**Source material:**
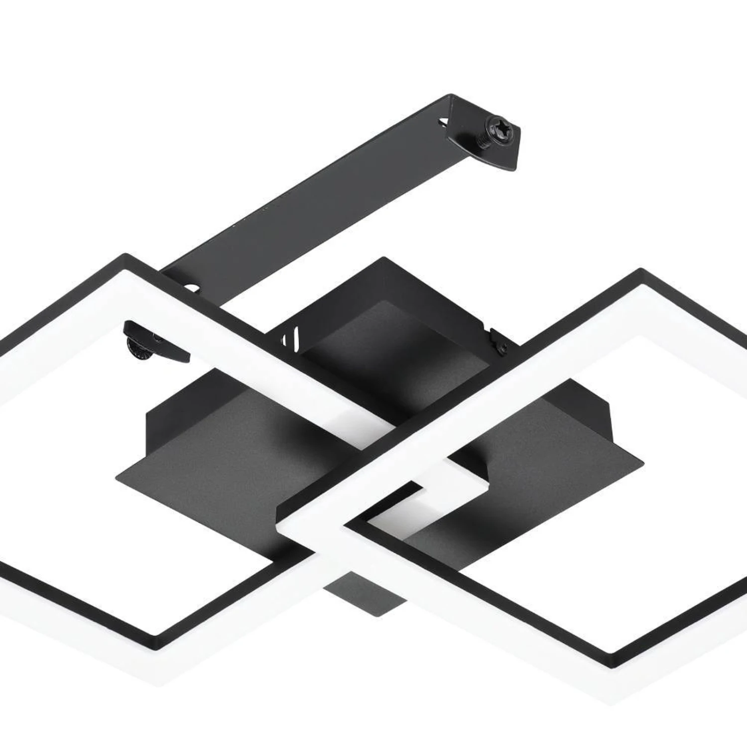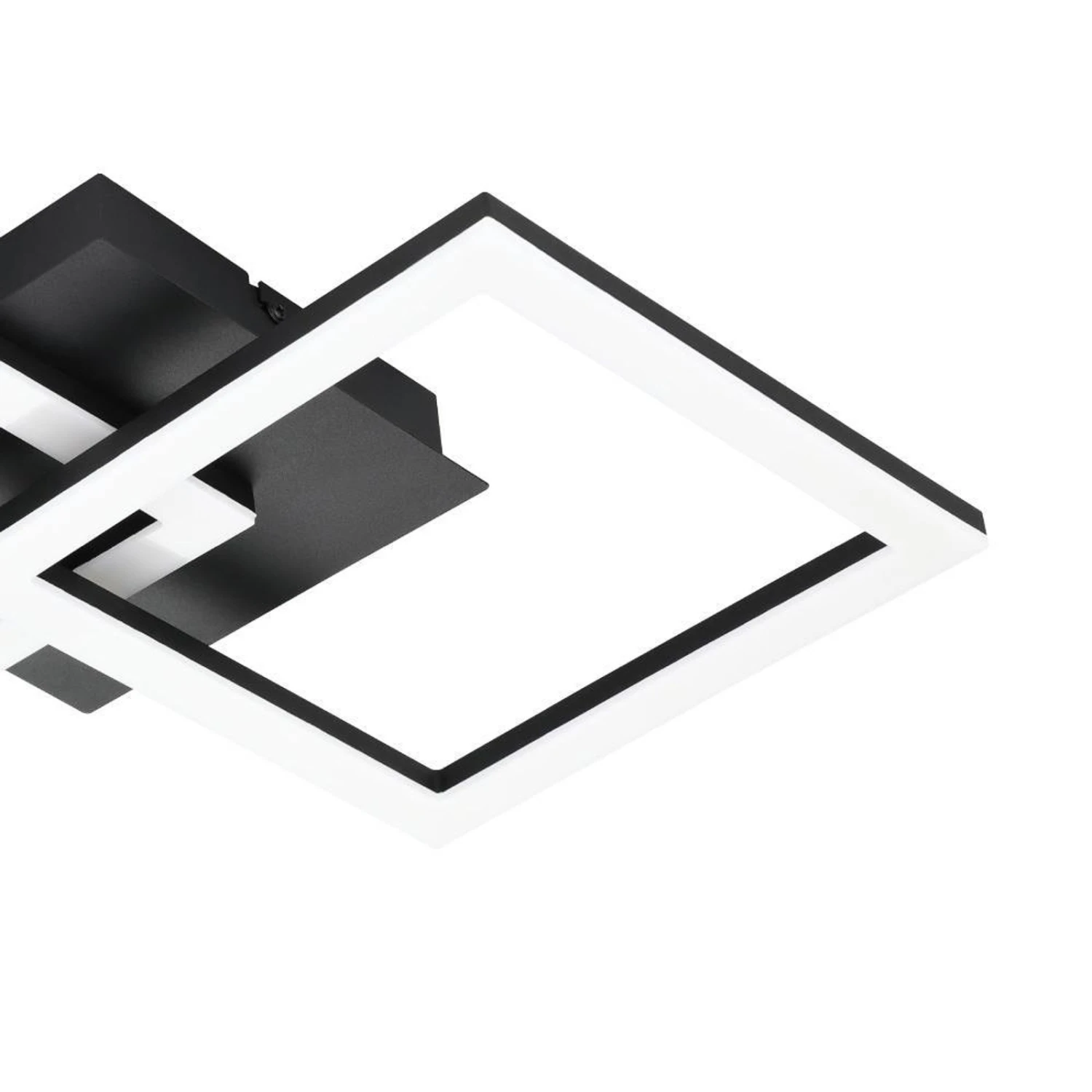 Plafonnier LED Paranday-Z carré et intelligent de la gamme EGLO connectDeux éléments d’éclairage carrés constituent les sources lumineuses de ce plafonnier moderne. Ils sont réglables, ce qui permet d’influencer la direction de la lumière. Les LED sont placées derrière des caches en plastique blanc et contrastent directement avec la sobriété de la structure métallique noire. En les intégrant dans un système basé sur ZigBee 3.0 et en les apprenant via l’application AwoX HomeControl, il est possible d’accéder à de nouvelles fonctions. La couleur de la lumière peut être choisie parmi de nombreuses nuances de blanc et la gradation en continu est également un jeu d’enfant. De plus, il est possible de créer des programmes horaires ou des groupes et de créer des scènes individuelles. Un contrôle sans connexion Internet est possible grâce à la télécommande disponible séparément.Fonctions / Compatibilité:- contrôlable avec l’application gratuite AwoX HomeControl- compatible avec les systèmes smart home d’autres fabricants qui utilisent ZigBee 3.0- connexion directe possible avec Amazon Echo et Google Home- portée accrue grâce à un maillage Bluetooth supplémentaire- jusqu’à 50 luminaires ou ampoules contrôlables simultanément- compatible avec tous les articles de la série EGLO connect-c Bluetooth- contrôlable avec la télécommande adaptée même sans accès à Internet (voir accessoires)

---

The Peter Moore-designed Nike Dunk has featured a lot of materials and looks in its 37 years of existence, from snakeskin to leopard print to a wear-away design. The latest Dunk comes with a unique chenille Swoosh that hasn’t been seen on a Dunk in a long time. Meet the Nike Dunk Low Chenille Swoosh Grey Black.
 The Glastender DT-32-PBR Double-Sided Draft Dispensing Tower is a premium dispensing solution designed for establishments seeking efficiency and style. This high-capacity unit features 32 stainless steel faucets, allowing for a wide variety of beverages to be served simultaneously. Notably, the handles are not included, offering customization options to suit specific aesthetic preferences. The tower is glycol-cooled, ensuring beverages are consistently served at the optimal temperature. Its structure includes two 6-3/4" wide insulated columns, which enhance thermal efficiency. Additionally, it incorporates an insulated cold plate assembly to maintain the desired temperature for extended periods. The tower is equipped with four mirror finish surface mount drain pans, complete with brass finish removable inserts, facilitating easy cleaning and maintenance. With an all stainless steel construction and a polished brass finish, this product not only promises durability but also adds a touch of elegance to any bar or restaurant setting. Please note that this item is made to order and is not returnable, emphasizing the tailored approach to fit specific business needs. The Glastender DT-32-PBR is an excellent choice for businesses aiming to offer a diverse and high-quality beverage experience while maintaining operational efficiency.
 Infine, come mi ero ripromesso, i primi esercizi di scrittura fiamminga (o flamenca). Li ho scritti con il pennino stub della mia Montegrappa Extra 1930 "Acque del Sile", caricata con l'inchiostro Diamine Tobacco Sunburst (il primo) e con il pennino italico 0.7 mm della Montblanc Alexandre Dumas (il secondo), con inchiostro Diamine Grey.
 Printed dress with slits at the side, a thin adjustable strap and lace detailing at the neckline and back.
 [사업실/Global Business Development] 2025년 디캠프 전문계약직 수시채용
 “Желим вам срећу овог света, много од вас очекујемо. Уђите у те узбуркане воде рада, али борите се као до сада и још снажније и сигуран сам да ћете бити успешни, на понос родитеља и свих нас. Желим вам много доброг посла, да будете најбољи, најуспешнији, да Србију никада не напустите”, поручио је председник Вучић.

**What to work on:** Your task is to retype the entries verbatim, starting with the line that holds "[사업실/Global Business Development]" and stopping after the line that holds "је председник Вучић.".

**Expected output:**
 [사업실/Global Business Development] 2025년 디캠프 전문계약직 수시채용
 “Желим вам срећу овог света, много од вас очекујемо. Уђите у те узбуркане воде рада, али борите се као до сада и још снажније и сигуран сам да ћете бити успешни, на понос родитеља и свих нас. Желим вам много доброг посла, да будете најбољи, најуспешнији, да Србију никада не напустите”, поручио је председник Вучић.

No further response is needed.